基于CAE与遗传算法的汽车B柱外饰板轻量化设计
陈毅超1,王辉123
1.武汉理工大学汽车工程学院,武汉 430070; 2.武汉理工大学现代汽车零部件技术湖北省重点实验室,武汉 430070;
3.湖北隆中实验室,湖北襄阳 441000
Lightweight Design of Automotive B-pillar Exterior Panel based on CAE and Genetic Algorithm
Chen Yichao1 , Wang Hui123
1.School of Automotive and Engineering,Wuhan University of Technology,Wuhan 430070,China; 2.Hubei Key Laboratory of Advanced Technologyfor Automotive Components,Wuhan University of Technology,Wuhan 430070,China; 3.Hubei Longzhong Laboratory,Xiangyang 441000,China
摘要:以某品牌汽车 B 柱外饰板为研究对象,基于 CAE 分析技术对 B 柱外饰板结构进行轻量化设计。 首先利用ANSYS 软件对原始模型进行仿真 ,在此基础上将 B 柱外饰板受力工况等效为简支梁模型并计算得到壁厚范围为2.67~2.72 mm,结合实际生产特点最终确定饰板件主要厚度为 2.7 mm,随后在 CATIA 软件中建立轻量化设计后的模型并再次进行有限元仿真 ,得到饰板在设定的受力工况下的形变量为 1.485 1 mm,符合轻量化设计的刚度要求 。

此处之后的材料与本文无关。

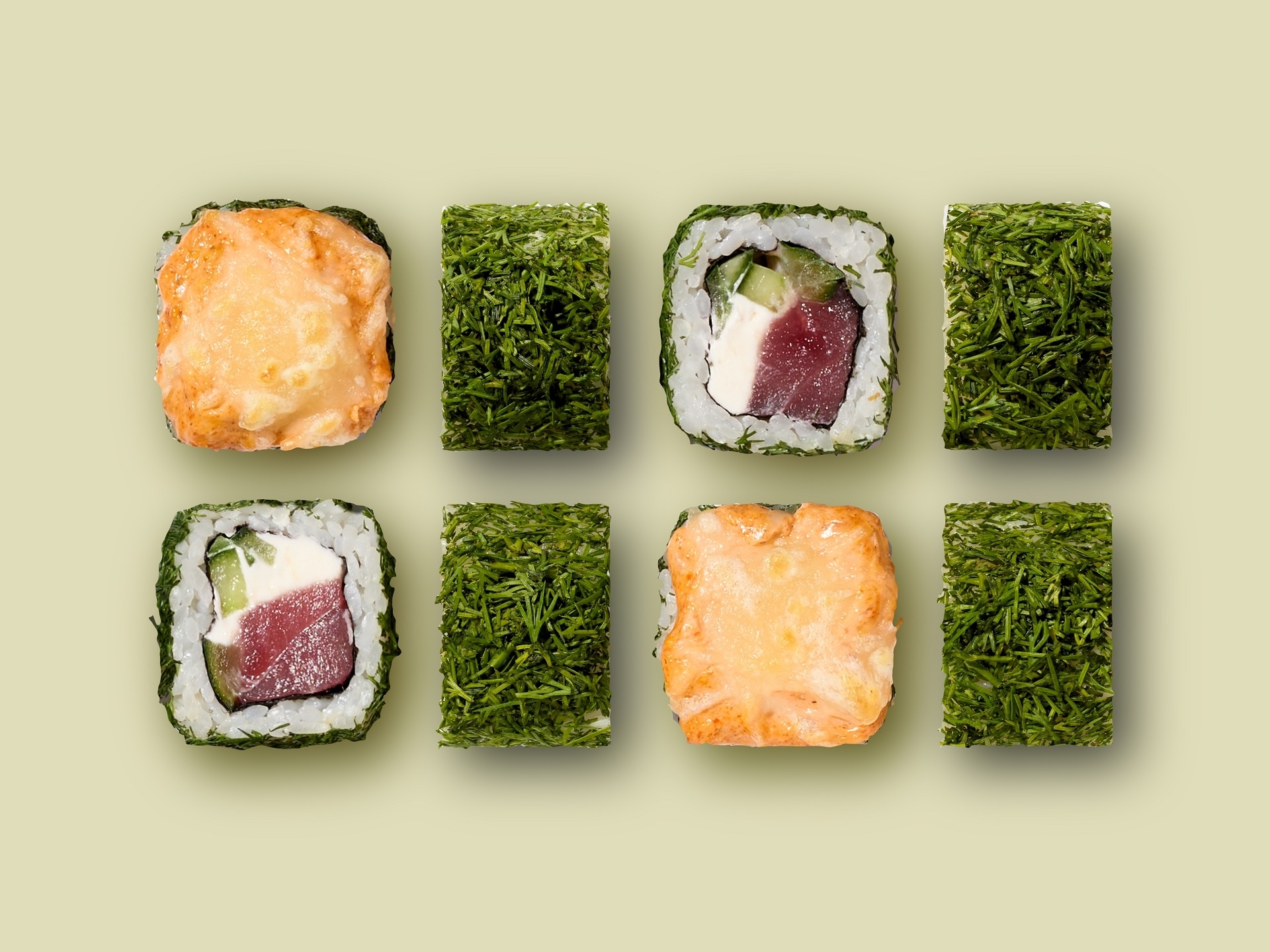 Филадельфия классическая 1, Сендай 1, Нежный тунец 1, Калифорния Блэк 1, Зеленая река 1, Лава 1, Ролл с авокадо 1, Ролл с тунцом 1, Муругай 1(острый), Кантри 1(острый), Гуру 1(острый), (запеченные роллы слегка теплые или холодные, запекается только шапочка)

为了进一步验证设计的合理性,从实际生产出发 ,将翘曲变形量作为成型质量评价指标,运用正交试验法设计了六因素五水平的工艺组合方案,并采用 Moldflow 软件进行模流仿真,接着基于 Matlab 平台建立 BP 神经网络模型 ,将其作为适应度函数 ,通过遗传算法(NSGA-Ⅱ)进行全局寻优,得到最优工艺参数组合下轻量化设计前后两模型的最大翘曲变形量分别为 2.568 mm 和 2.353 mm,制件质量分别为 104.6 g 和 94.44 g。结果表明,该轻量化设计减重达 9.71% 并使翘曲变形量减小了 8.37%,较好地实现了轻量化的目标,有效提高了制件的成型质量。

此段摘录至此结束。